What this task involves: Restate word for word the lines below, from the one containing "Степлер электрический FELISATTI" through the final line, with no pictures included.

Supplied material:

..............................

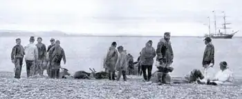 During the summer of 1892, 171 reindeer were purchased in Siberia and landed at the station. At the time of landing at Port Clarence, two were lost by straying away. Twelve were so injured by transportation from Siberia that they either died or had to be killed. During the year, 13 others died from injuries received while fighting, or slipping upon the ice, making a total loss of 27. There was a gain of 79 fawns, born in the spring of 1893, leaving, on June 30, 1893, 222 reindeer in the herd. During the summer, 127 additional reindeer were purchased in Siberia, of which 124 were safely landed at the station, making a total, in September 1893, of 346. During the winter, the superintendent of the station trained 12 deer to draw sleds, and with his two teams of reindeer, made a successful trip to the mission station at Cape Prince of Wales, 60 miles (97 km) distant.[9]
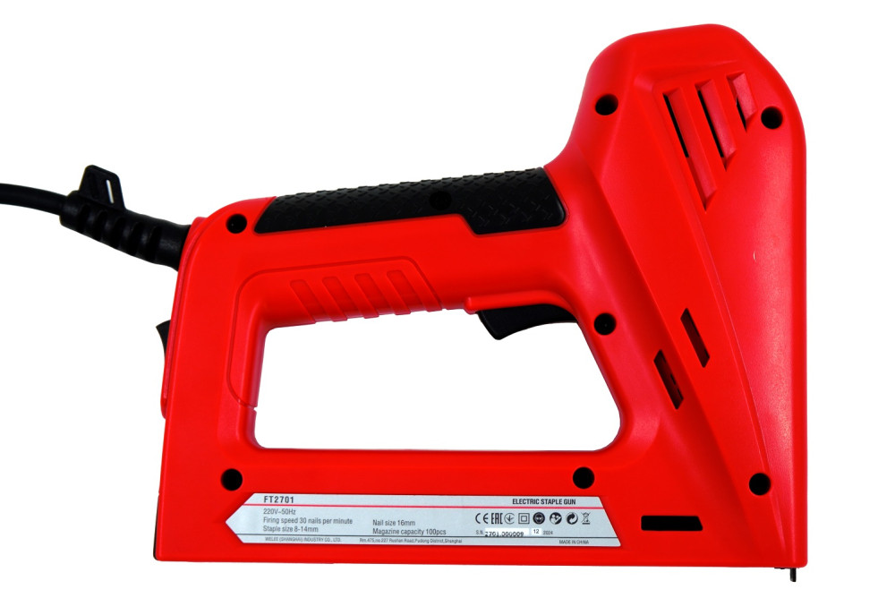 Степлер электрический FELISATTI FT2701 имеет высокую частоту ударов (30 уд/мин) и использует гвозди длиной до 16 мм, обеспечивая быструю и эффективную работу.
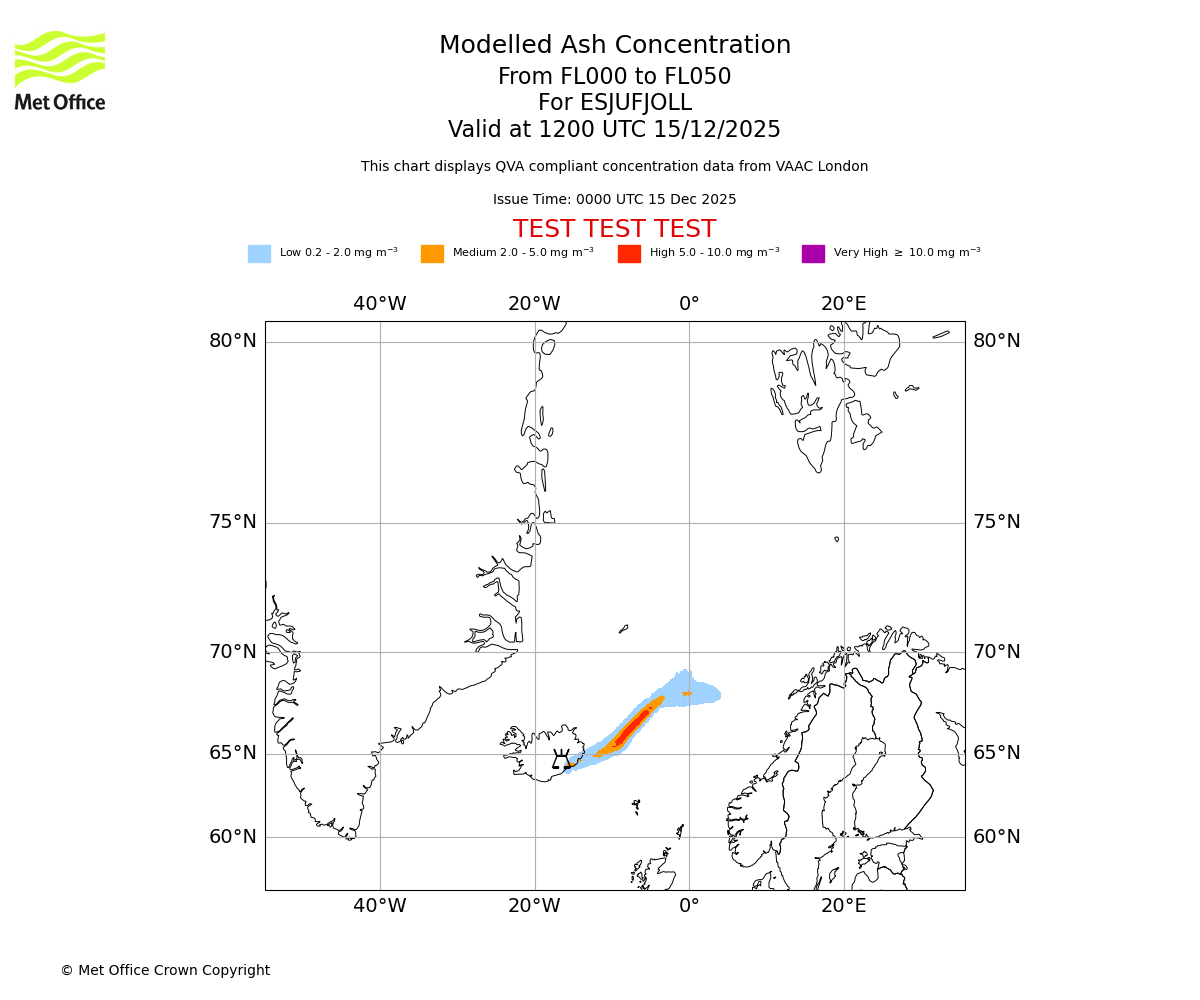 Modelled ash concentration from 000 to 200 for ESJUFJOLL. Valid at 0000 UTC 15/12/2025
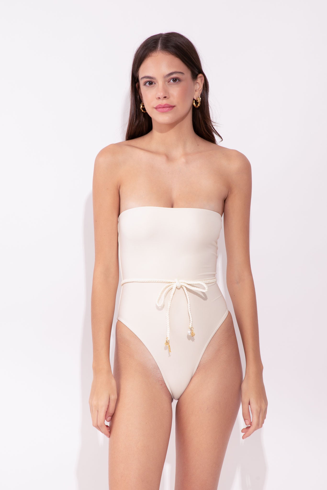 O Maiô Beatriz traz modelagem tomara que caia com cintinho trançado de amarração frontal que valoriza a silhueta com detalhes de pingentes muito fofos.

..............................

Task answer:
 Степлер электрический FELISATTI FT2701 имеет высокую частоту ударов (30 уд/мин) и использует гвозди длиной до 16 мм, обеспечивая быструю и эффективную работу.
 Modelled ash concentration from 000 to 200 for ESJUFJOLL. Valid at 0000 UTC 15/12/2025
 O Maiô Beatriz traz modelagem tomara que caia com cintinho trançado de amarração frontal que valoriza a silhueta com detalhes de pingentes muito fofos.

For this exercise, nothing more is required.